Abstract

The study documented in this article was performed to define the clinical and morphologic features of cystic hypersecretory carcinoma (CHC) and cystic hypersecretory hyperplasia (CHH) of the breast. Both lesions are characterized by the formation of cystically dilated ducts containing a homogeneous eosinophilic secretion that resembles thyroid colloid.

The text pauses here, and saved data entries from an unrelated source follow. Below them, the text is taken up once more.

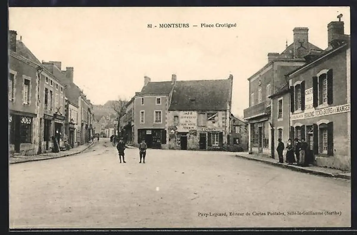 AK Montsurs, Place Crouligné animée avec bâtiments et passants
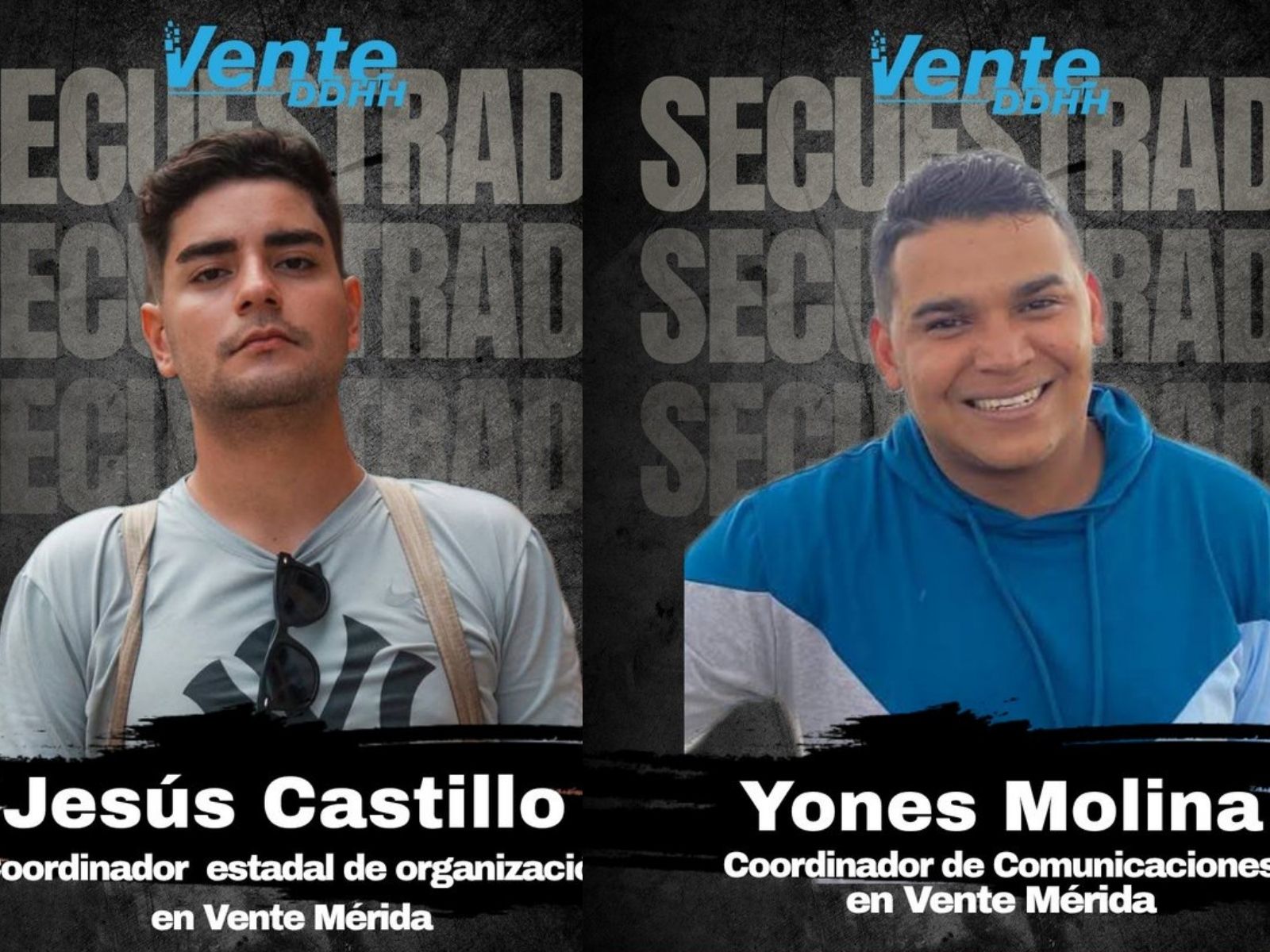 Caracas. – El partido Vente Venezuela denunció este pasado lunes el secuestro de sus coordinadores Yones Molina y Jesús Castillo en el estado Mérida por parte de esbirros del narcorégimen chavista.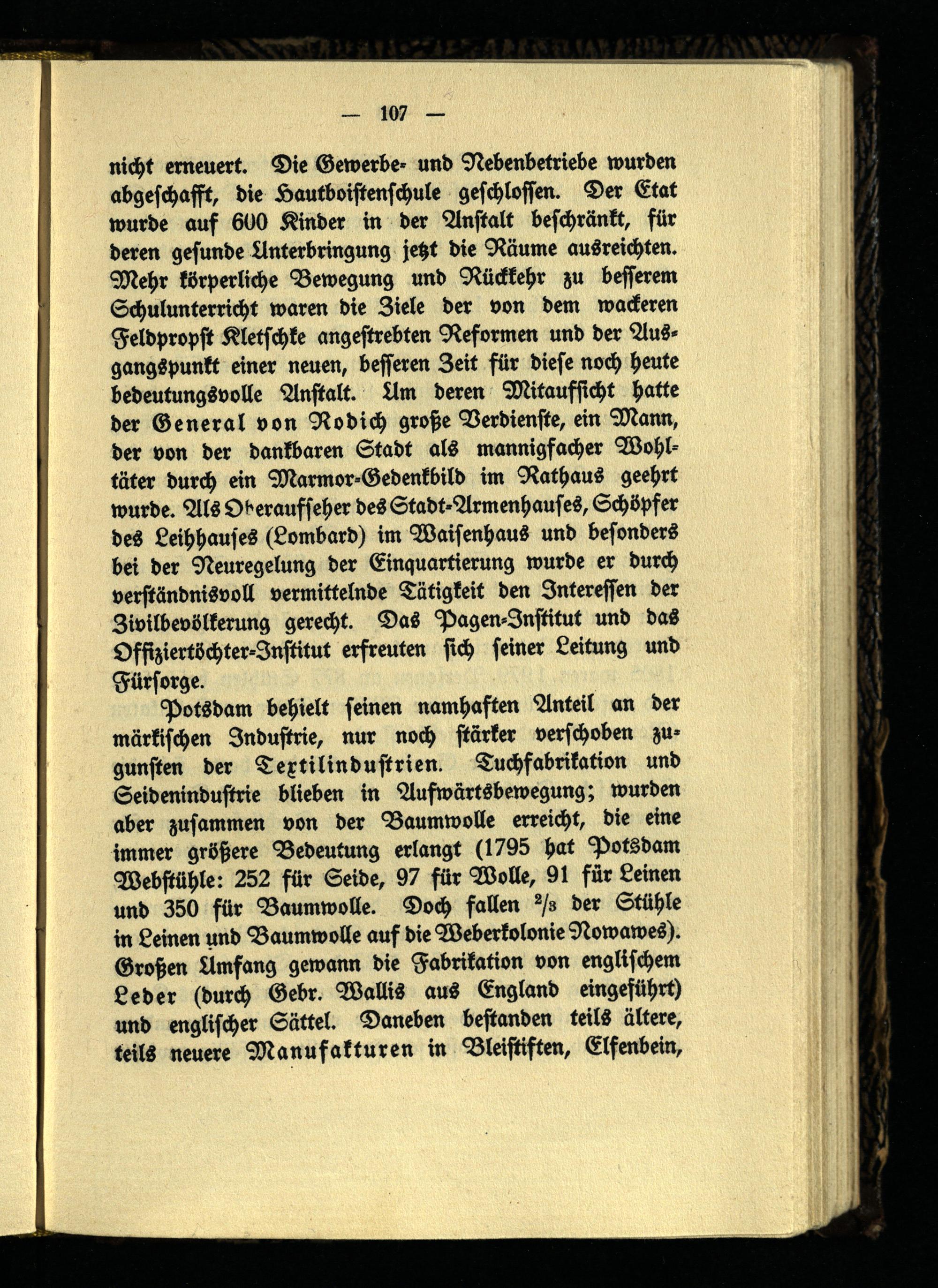 nicht erneuert. Die Gewerbe- und Nebenbetriebe wurden abgeschafft, die Lautboistenschule geschloffen. Der Etat wurde auf 600 Kinder in der Anstalt beschränkt, für deren gesunde Unterbringung jetzt die Räume ausreichten. Mehr körperliche Bewegung und Rückkehr zu besserem Schulunterricht waren die Ziele der von dem wackeren Feldpropst Kletschke angestrebten Reformen und der Ausgangspunkt einer neuen, besseren Zeit für diese noch heute bedeutungsvolle Anstalt. Am deren Mitaufsicht hatte der General von Rodich große Verdienste, ein Mann, der von der dankbaren Stadt als mannigfacher Wohltäter durch ein Marmor-Gedenkbild im Rathaus geehrt wurde. Als Oberaufseher des Stadt-Armenhauses, Schöpfer des Leihhauses (Lombard) im Waisenhaus und besonders bei der Neuregelung der Einquartierung wurde er durch verständnisvoll vermittelnde Tätigkeit den Interessen der Zivilbevölkerung gerecht. Das Pagen-Institut und das Offiziertöchter-Institut erfreuten sich seiner Leitung und Fürsorge.

In most cases CHC features micropapillary intraductal carcinoma, occasionally giving rise to a high-grade, invasive carcinoma that is absent from CHH. Electron microscopy of the cystic component in one case of CHC showed ultrastructural characteristics of metabolically active cells, but few secretory granules. Twenty-nine patients with CHC were observed for up to 23 years. Twenty-five women who had intraductal carcinoma were well or died of other causes. Of the four patients who had invasive carcinoma, one died 9 months after being diagnosed as having systemic metastases, and the other three remained disease-free. Ten cases of CHH were reviewed; follow-up information was available for eight patients for up to 5 years. Six women were alive and well. One woman died of contralateral invasive carcinoma, and a second was well having had a modified radical mastectomy for a separate, coexisting intraductal carcinoma in the same breast. These findings indicate that intraductal CHC has the same low-grade clinical course as other forms of intraductal carcinoma. Because invasive carcinoma arising in this setting appears to be histologically high-grade, it is important to recognize and promptly treat the lesion while still in its in situ phase. Foci with the appearance of CHH may be found in CHC, but in this study progression from CHH to CHC was not observed. A thorough histological examination is needed to distinguish between CHC and CHH. Lesions judged to be CHH are adequately treated by wide excision. Additional long-term, follow-up studies will be necessary to define the precancerous potential of CHH.